Barefoot Security Anti Malware

I do get asked for security advice, but not that often these days. Often, much more often, I want to tell people, to SAVE them. Yes.
So this a worked-up version of an email I send out. It's how to keep control of your computer, your data and your passwords by preventing malware on your PC. I'm aiming at the ordinary PC/Windows user with occasional notes about Apple and Linux. It's in rough priority order, and it's mostly advice I follow myself (though it's not all of the paranoid steps I take.)
If you think I should have put AV software top of the list, you should remember that I am a security Expert. Yes, and I have business cards which say just that.

Keep your Thinking Cap Securely ON  Why on earth would you click on THAT?
If the answer is "because THOSE sites are the ones I chiefly love looking at" then you need to pay close attention to the rest of this list.
And if you say "because I'm human and I'm not 100% focussed 100% of the time" then you should read on too.
Backup your Files  Anything you care about should be on media which you don't leave plugged in. There are some nasty malware infections which are simplest to eradicate with a format and restore, so backups are essential. (And there's always fire, flood, technical failure and stupidity, if malware doesn't worry you!)
It's a big topic. You need to think about having a regular system that will show you if copies get lost or aren't taken, about, testing your backups, satisfying any data protection obligations, encryption if you worry about people reading it, and keeping media out of the range of that fire/flood/whatever.
It's a shame that it's a top priority as it's none too easy. If you're in doubt about how to do this, I suggest you set up with a UK online backup services, test their software, check their prices and get value out of their support line!
Don't do PC Work as an Administrator  This is really just for Windows users as Mac and Linux set it up correctly anyway. Windows 7 and Vista are better, but you should still arrange to work as a non-admin.
In XP, go into the control panel and set up a new admin account.

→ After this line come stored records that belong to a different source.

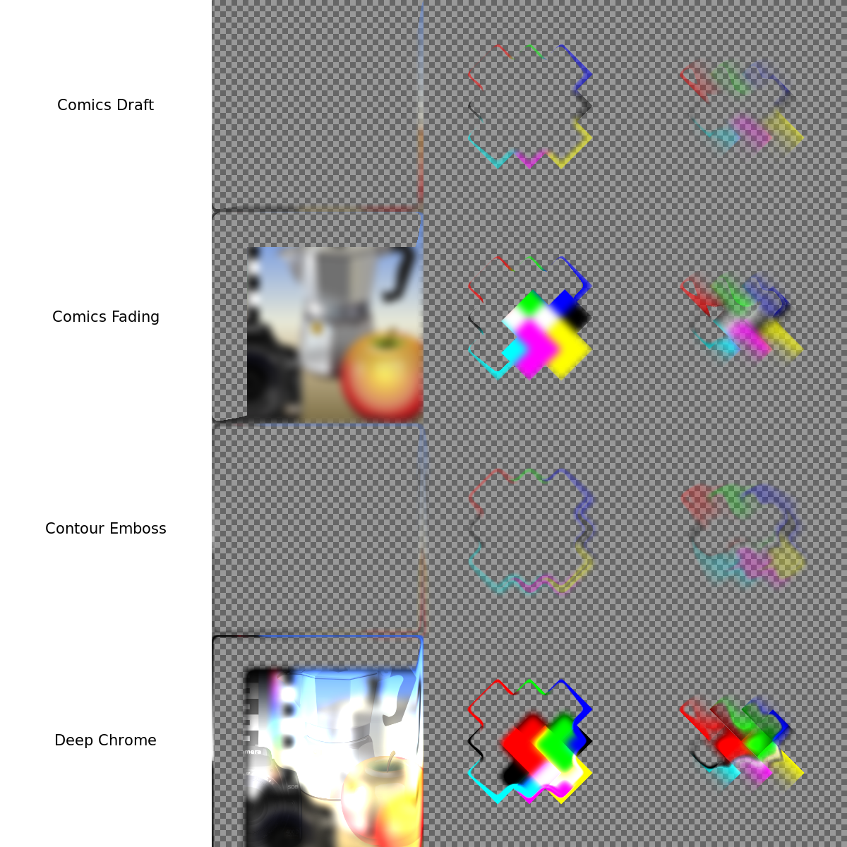 This is a collection of different colored squares, each with a unique filter applied to them. These filters are used in Inkscape 0.92 and include options such as Comic Rading, Deep Chrome, and Contour Emboss. Each square has a label describing the filter it's undergoing, making it easy for users to identify which filter they prefer. The squares vary in size and color, showcasing the versatility of these filters.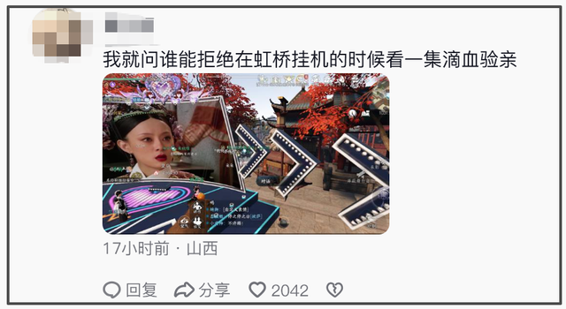玩家们的反应更是两极反转,一边对着屏幕吐槽:“逆水寒你到底在拿我的内存储存什么?”一边又诚实地拉上结义兄弟占座追剧:“谁懂啊!和结义一起在大宋江湖看滴血验亲,这体验根本拒绝不了。”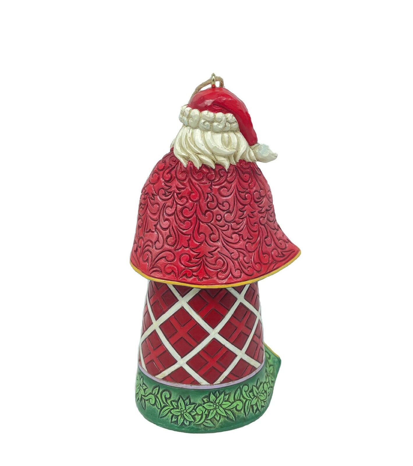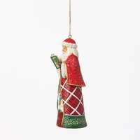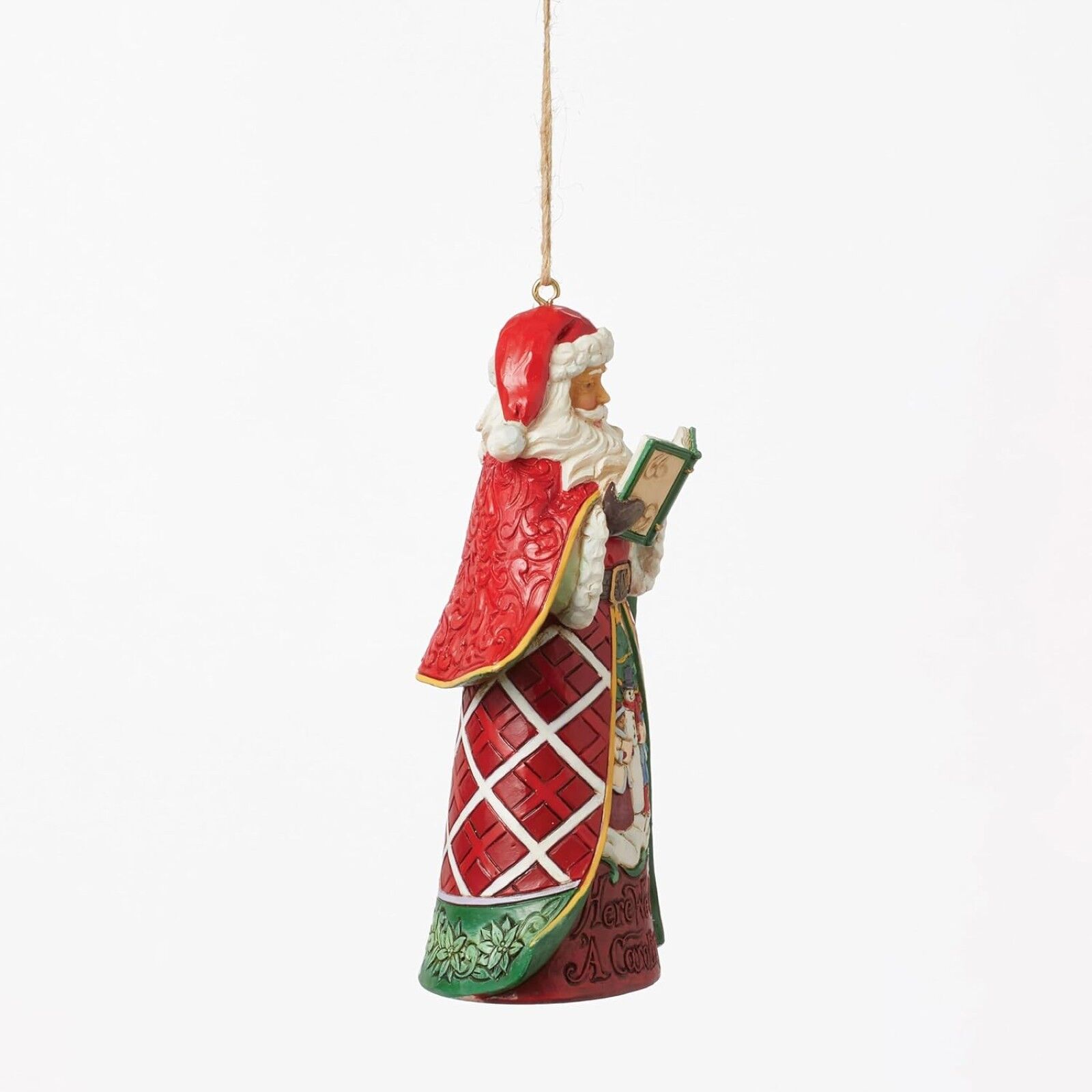 Singing along cheerfully with a song book, Santa goes a-caroling in plaid robes and rosemaling cloak. With a caroler snowman scene framed on his gown, Santa knows music makes the holidays happier. Hang this ornament in your tree to feel the music.

Then make your regular account into a limited user. Use the limited account for all browsing, email, word processing etc. Only use the admin account to install software, add new hardware, and set up users.
This simple trick stops a proportion of Windows malware, when malware programmers are lazy and assume you haven't taken this precaution -- as most people haven't. Even though attackers are wising up now, and plenty of password stealers and others will now install without admin, it's still an important precaution because it stops rootkits, and ensures that installed malware is easier to clean off.
The problem is that other programmers, especially games programmers, are just as lazy as malware authors so their stuff won't work. Software which insists on admin privileges to run (rather than to install) should be rejected as unfit. If you're stuck with it, investigate "run as".
Apply Security Fixes  Ensure that all security updates apply automatically. Malware uses unpatched vulnerabilities to install. Vulnerabilities are sometimes being exploited even before they are fixed, so ignore people who say you should wait a few days -- it's too complicated, and the risk of you forgetting or being exploited in those few days is much greater than that of a bad patch.
In Windows take a moment to turn the software firewall on, as that setting is nearby.
Keep your Auxilliary Programs Up To Date  Make sure that all of the extra stuff you need for the full experience (Adobe Reader, Flash, Shockwave, Quicktime, Java) are up to date. Secunia Inspector is a good way to check.
Most modern attacks arrive through these products. If you use Office, Photoshop or whatever make sure you get updates for that too.
Use a Less Common Browser  On Windows, don't use Internet Explorer (except for updates where it makes you do it.) On Mac, don't use Safari. Malware authors naturally target the common browsers.
On Windows, install and use Google Chrome browser because it can update itself as a non-admin (unlike Firefox). If you must browse as an admin, install Firefox and learn to use it with NoScript.
Also in Windows, take the time to keep IE up to date. Even if you think you're not using it, you don't want old versions on your PC.
Use AV Software  On Windows, Microsoft Security Essentials is good enough -- free, unobtrusive and good quality -- if you avoid admin browsing and email. Check that it is updating automatically.
I confess I don't run AV myself, but it seems like a necessity for people who like to test animated cursors or other oddments.
Disable the Big Adobe Reader Mistakes  Adobe stuff needs special attention. There's just so much malware targeting it, and it's not easy to keep up with the updates. PDF used to be a handy document format, now it's a malware magnet. Reader X (10) is an improvement, but it's still a bore. You have to switch off the idiot features that Adobe added.
Start the Adobe Reader and pull down Edit/Preferences…
  • Select Trust Manager in the list and clear the checkbox marked "Allow opening of non-PDF file attachments with external applications"
  • Select JavaScript and clear the checkbox marked "Enable Acrobat JavaScript"
You need to repeat for every user account that uses Reader. There are equivalent settings in Acrobat if you use that -- you'll need to find them yourself.
So will these make you secure? Well, no; nothing will. But they will stop you from being a soft target. If you have secrets to keep, there's a whole other journey about understanding the settings on your accounts, encrypting data and the rest. But that is another post.

2007-12-23

Paid-for Malware

I sometimes get asked what anti-virus software I recommend for use on the home PC. I've tried a number of possible answers but my heart isn't in any of them: I know McAfee is a pain; bouquets for Norton outweigh the complaints, but not by much, so I've been recommending Kapersky -- I know it works and and the price is closer to reasonable. So a story like this one is a bit disconcerting. What are the lessons?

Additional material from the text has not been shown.